> [Exercise]
With pictures removed, output every record below exactly as written.

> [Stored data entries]
--- --- ---

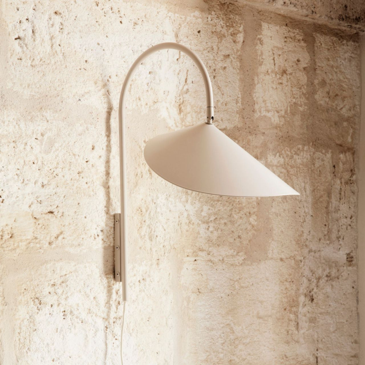 The Arum Swivel Wall Lamp is characterised by an organic shape that is elegantly suspended from a curved metal arch in a leaf-like manner. With the matte, off-white inside of the shade, the lamp provides a soft, evenly distributed light. The arm of the lamp includes a swivel mount, allowing the lamp to turn in all directions, ensuring that the Arum Swivel Wall Lamp will provide optimal light in every situation. The lamp includes a fabric cord with a switch and comes with a wall bracket, making it is easy to mount the Arum Swivel Wall Lamp on your desired wall.
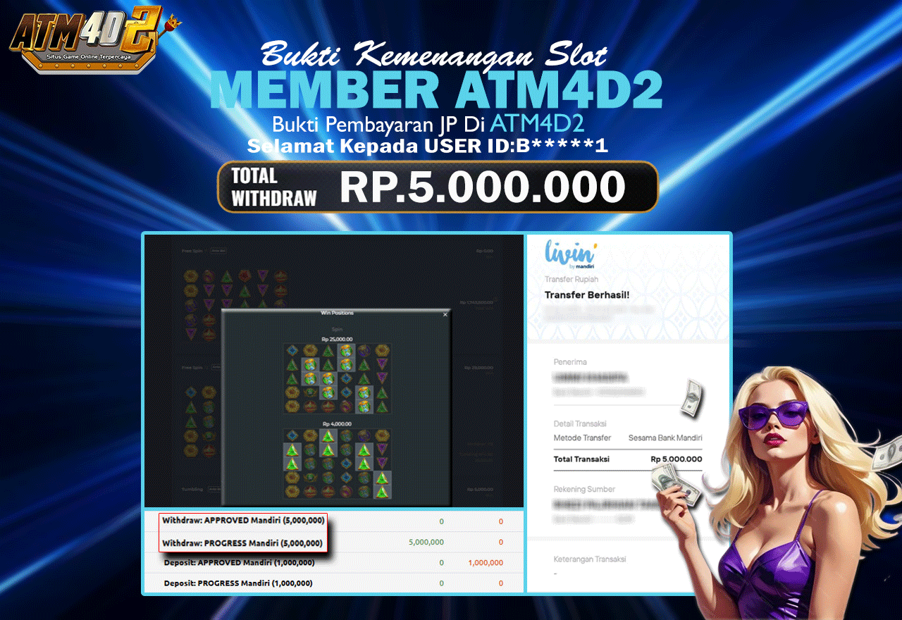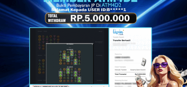 ATM4D2 dikenal sebagai situs terpercaya yang selalu menghadirkan pengalaman bermain slot online yang aman, fair, dan berlisensi resmi. Di sini, kami tidak hanya sekadar memberikan janji, tapi bukti nyata berupa slip kemenangan yang dapat Anda lihat secara langsung.
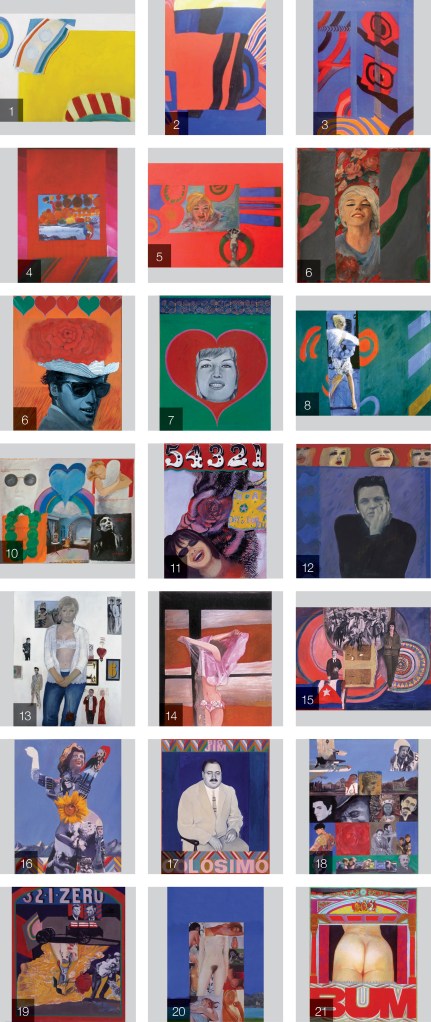 The key above showing the different individuals and objects assembled by Pauline Boty for one of her most important works, her 1964 painting “It’s a Man’s Word I”, has now been added to the site. Among the figures newly-identified are the 4th century BC Greek statue of Hermes and also Thelonius Monk as a likely contender for another of those represented. As stated on the page, it is greatly hoped that in time the sources of all the items chosen by Boty to make up the work will be identified and the list on this page completed. All comments, corrections, clarifications and suggestions on this item would be greatly appreciated, via the Contact form here: [link] The new page can be accessed here: [link]
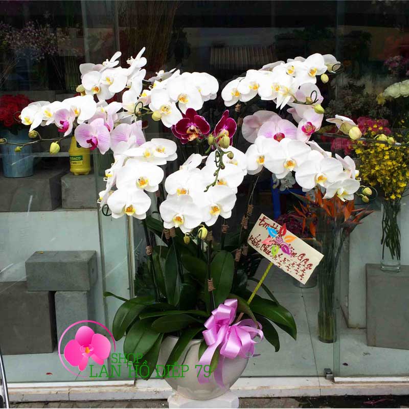 Chậu lan hồ điệp đẹp được phối ghép 9 cành hoa lan màu trắng với thiết kế sang trọng và đẹp mắt sẽ là món quà thật ý nghĩa để tặng cho bạn bè, người thân, khách hàng, đối tác... Sản phẩm rất phù hợp đặt ở bàn làm việc, trước sảnh văn phòng công ty, nhà hàng, khách sạn, cửa hàng. Ngoài ra hoa lan hồ điệp còn được tặng vào những dịp chúc mừng khai trương, sinh nhật, khánh thành, hội nghị, thăng chức, mừng thọ, ngày cưới, kỉ niệm thành lập công ty...
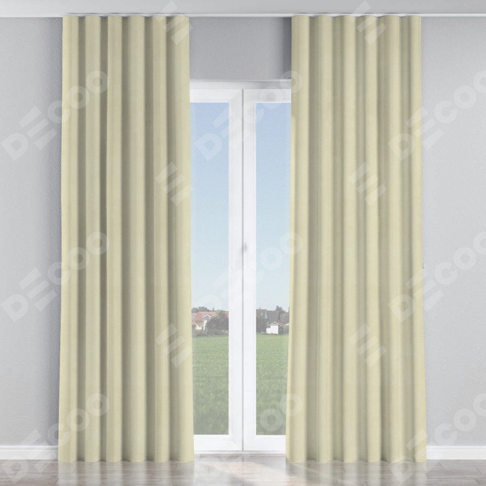 Комплект прямых штор, от производителя «Cortin», пошиты из ткани бархат молочный, артикул ткани 21409. С изнаночной стороны в верхней части штор пристрачивается шторная лента с декоративными складками «Волна». Для создания элегантных складок прямые шторы шьются по стандарту с коэффициентом 1:2 (на 100 см. ширины проёма 200 см. ширины ткани).
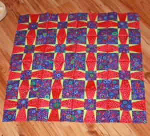 … is now done! I love the secondary pattern that appears and have plans for another small quilt using different fabrics that will showcase yet another secondary pattern. This little quilt top measures 24″ square.
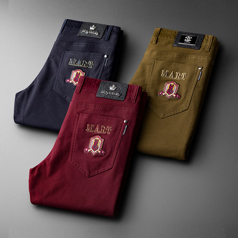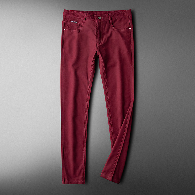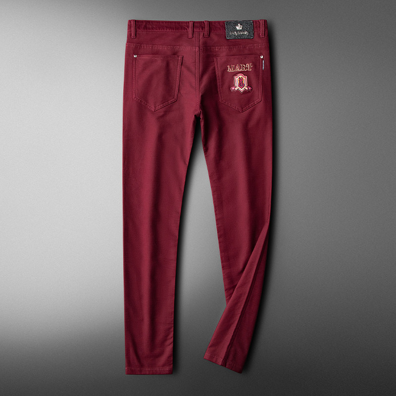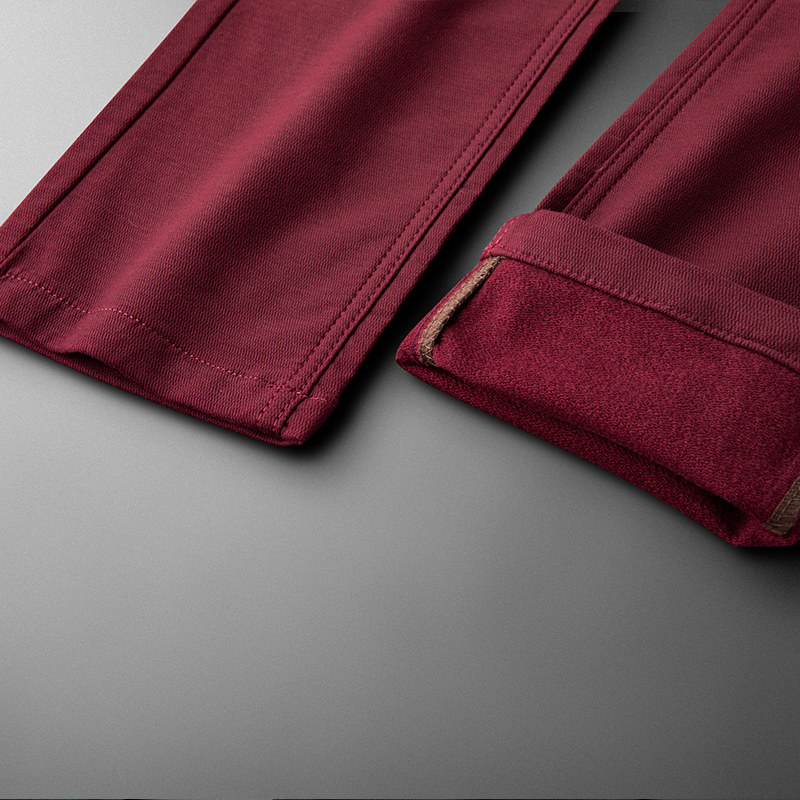Autumn winter wine red pants men practiced small foot elastic men quality embroidered business leisure pants men middle tide
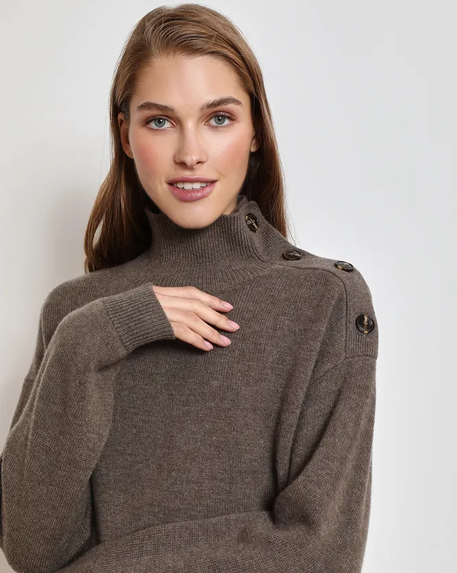 Если ты не фанатка свитеров с вышивками, пестрыми узорами, россыпью из бисера и бусин, то обрати внимание на интересную модель с минималистичным дизайном в виде крупных пуговиц на одном плече. Этот свитер можно носить обычным способом или расстегнуть пуговицы и спустить его на одно плечо, что придаст образу немного шарма.
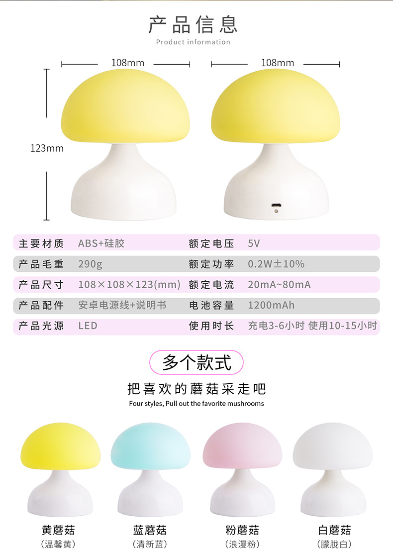 商品名称:蘑菇小夜灯硅胶遥控台灯 年会奖品
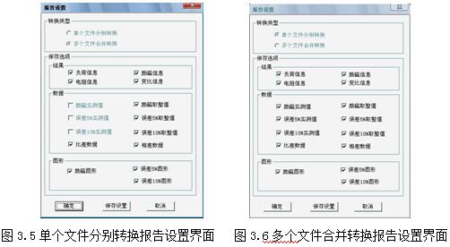 2.再點擊生成報告,彈出報告設(shè)置對話框,如圖3.6。 3.選擇需要保存的選項,點擊確定,彈出保存文件位置對話框,默認(rèn)位置在試驗報告文件夾中。
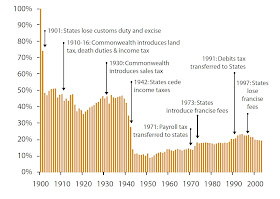 The states' share of total government tax revenue has declined from 75 per cent at the time of federation to less than 20 per cent today.  (Figure 1)
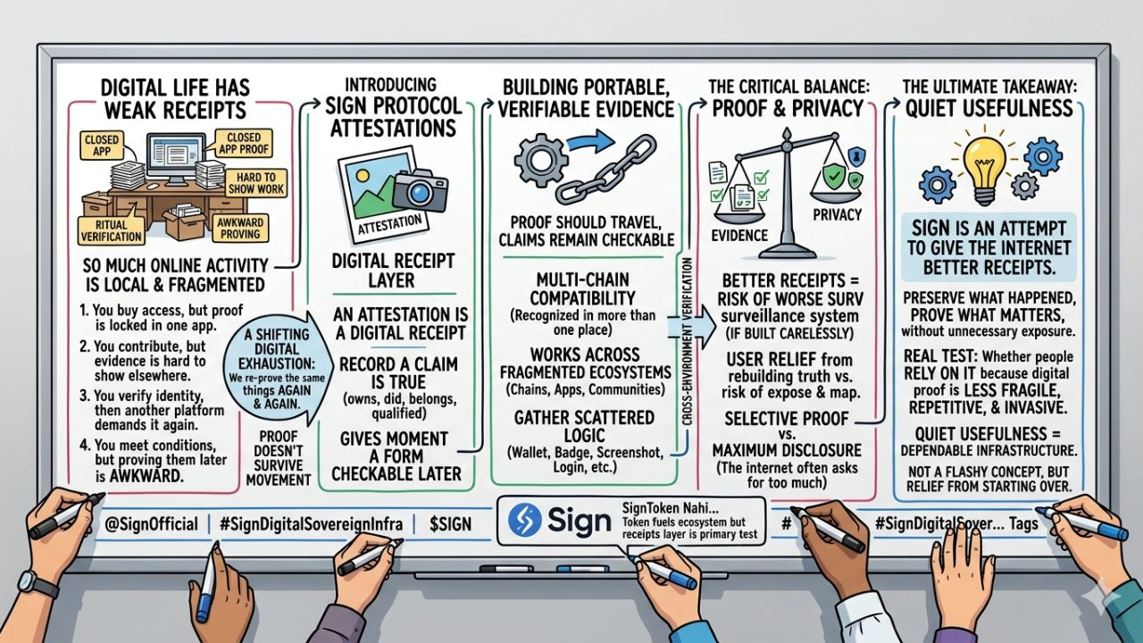 Pentru că Sign pare să fie construit în jurul ideii că dovada digitală nu ar trebui să se estompeze în secunda în care părăsești camera în care a fost creată. Chitanța ar trebui să călătorească. Declarația ar trebui să rămână verificabilă. Semnificația ar trebui să rămână atașată acțiunii.

--- --- ---

> [Output for this task]
 The Arum Swivel Wall Lamp is characterised by an organic shape that is elegantly suspended from a curved metal arch in a leaf-like manner. With the matte, off-white inside of the shade, the lamp provides a soft, evenly distributed light. The arm of the lamp includes a swivel mount, allowing the lamp to turn in all directions, ensuring that the Arum Swivel Wall Lamp will provide optimal light in every situation. The lamp includes a fabric cord with a switch and comes with a wall bracket, making it is easy to mount the Arum Swivel Wall Lamp on your desired wall.
 ATM4D2 dikenal sebagai situs terpercaya yang selalu menghadirkan pengalaman bermain slot online yang aman, fair, dan berlisensi resmi. Di sini, kami tidak hanya sekadar memberikan janji, tapi bukti nyata berupa slip kemenangan yang dapat Anda lihat secara langsung.
 The key above showing the different individuals and objects assembled by Pauline Boty for one of her most important works, her 1964 painting “It’s a Man’s Word I”, has now been added to the site. Among the figures newly-identified are the 4th century BC Greek statue of Hermes and also Thelonius Monk as a likely contender for another of those represented. As stated on the page, it is greatly hoped that in time the sources of all the items chosen by Boty to make up the work will be identified and the list on this page completed. All comments, corrections, clarifications and suggestions on this item would be greatly appreciated, via the Contact form here: [link] The new page can be accessed here: [link]
 Chậu lan hồ điệp đẹp được phối ghép 9 cành hoa lan màu trắng với thiết kế sang trọng và đẹp mắt sẽ là món quà thật ý nghĩa để tặng cho bạn bè, người thân, khách hàng, đối tác... Sản phẩm rất phù hợp đặt ở bàn làm việc, trước sảnh văn phòng công ty, nhà hàng, khách sạn, cửa hàng. Ngoài ra hoa lan hồ điệp còn được tặng vào những dịp chúc mừng khai trương, sinh nhật, khánh thành, hội nghị, thăng chức, mừng thọ, ngày cưới, kỉ niệm thành lập công ty...
 Комплект прямых штор, от производителя «Cortin», пошиты из ткани бархат молочный, артикул ткани 21409. С изнаночной стороны в верхней части штор пристрачивается шторная лента с декоративными складками «Волна». Для создания элегантных складок прямые шторы шьются по стандарту с коэффициентом 1:2 (на 100 см. ширины проёма 200 см. ширины ткани).
 … is now done! I love the secondary pattern that appears and have plans for another small quilt using different fabrics that will showcase yet another secondary pattern. This little quilt top measures 24″ square.
Autumn winter wine red pants men practiced small foot elastic men quality embroidered business leisure pants men middle tide
 Если ты не фанатка свитеров с вышивками, пестрыми узорами, россыпью из бисера и бусин, то обрати внимание на интересную модель с минималистичным дизайном в виде крупных пуговиц на одном плече. Этот свитер можно носить обычным способом или расстегнуть пуговицы и спустить его на одно плечо, что придаст образу немного шарма.
 商品名称:蘑菇小夜灯硅胶遥控台灯 年会奖品
 2.再點擊生成報告,彈出報告設(shè)置對話框,如圖3.6。 3.選擇需要保存的選項,點擊確定,彈出保存文件位置對話框,默認(rèn)位置在試驗報告文件夾中。
 The states' share of total government tax revenue has declined from 75 per cent at the time of federation to less than 20 per cent today.  (Figure 1)
 Pentru că Sign pare să fie construit în jurul ideii că dovada digitală nu ar trebui să se estompeze în secunda în care părăsești camera în care a fost creată. Chitanța ar trebui să călătorească. Declarația ar trebui să rămână verificabilă. Semnificația ar trebui să rămână atașată acțiunii.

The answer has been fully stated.